Forecasting. When used with the PREDICT command, an ARIMA model with no regressor variables can produce forecasts and confidence limits beyond the end of the series (see PREDICT for more information).

Basic Specification

The basic specification is the dependent series name. To estimate an ARIMA model, the MODEL subcommand and/or separate parameter-order subcommands (or the APPLY subcommand) must also be specified. Otherwise, only the constant will be estimated.

  • ARIMA estimates the parameter values of a model using the parameter specifications on the MODEL subcommand and/or the separate parameter-order subcommands P, D, Q, SP, SD, and SQ.
  • A 95% confidence interval is used unless it is changed by a TSET CIN command prior to the ARIMA procedure.
  • Unless the default on TSET NEWVAR is changed prior to ARIMA, five variables are automatically created, labeled, and added to the active dataset: fitted values (FIT#1), residuals (ERR#1), lower confidence limits (LCL#1), upper confidence limits (UCL#1), and standard errors of prediction (SEP#1).
  • By default, ARIMA will iterate up to a maximum of 10 unless one of three termination criteria is met: the change in all parameters is less than the TSET CNVERGE value (the default value is 0.001); the sum-of-squares percentage change is less than 0.001%; or the Marquardt constant exceeds 109 (1.0E9).
  • At each iteration, the Marquardt constant and adjusted sum of squares are displayed.
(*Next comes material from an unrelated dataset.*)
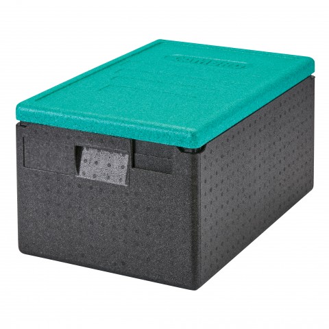 Cam GoBox® Insulated Food Pan Carrier, 48.6 qt., top load, holds (1) GN 1/1 or (2) GN 1/2 sized food pans up to 8" deep, ergonomic handles, maintains safe temperature for hot or cold holding for up to 4 hours, dishwasher safe, drip resistant, stackable, lightweight, impact resistant, eco-friendly, 100% recyclable, EPP (expanded polypropylene foam), black with green lid (shrink wrapped)

For the final estimates, the displayed results include the parameter estimates, standard errors, t ratios, estimate of residual variance, standard error of the estimate, log likelihood, Akaike’s information criterion (AIC) 1, Schwartz’s Bayesian criterion (SBC) 2, and covariance and correlation matrices.

Subcommand Order

  • Subcommands can be specified in any order.

Syntax Rules

  • VARIABLES can be specified only once.
  • Other subcommands can be specified more than once, but only the last specification of each one is executed.
  • The CONSTANT, NOCONSTANT, NOLOG, LN, and LOG specifications are optional keywords on the MODEL subcommand and are not independent subcommands.

Operations

  • If differencing is specified in models with regressors, both the dependent series and the regressors are differenced. To difference only the dependent series, use the DIFF or SDIFF function on CREATE to create a new series (see CREATE for more information).
  • When ARIMA is used with the PREDICT command to forecast values beyond the end of the series, the original series and residual variable are assigned the system-missing value after the last case in the original series.
  • The USE and PREDICT ranges cannot be exactly the same; at least one case from the USE period must precede the PREDICT period. (See USE and PREDICT for more information.)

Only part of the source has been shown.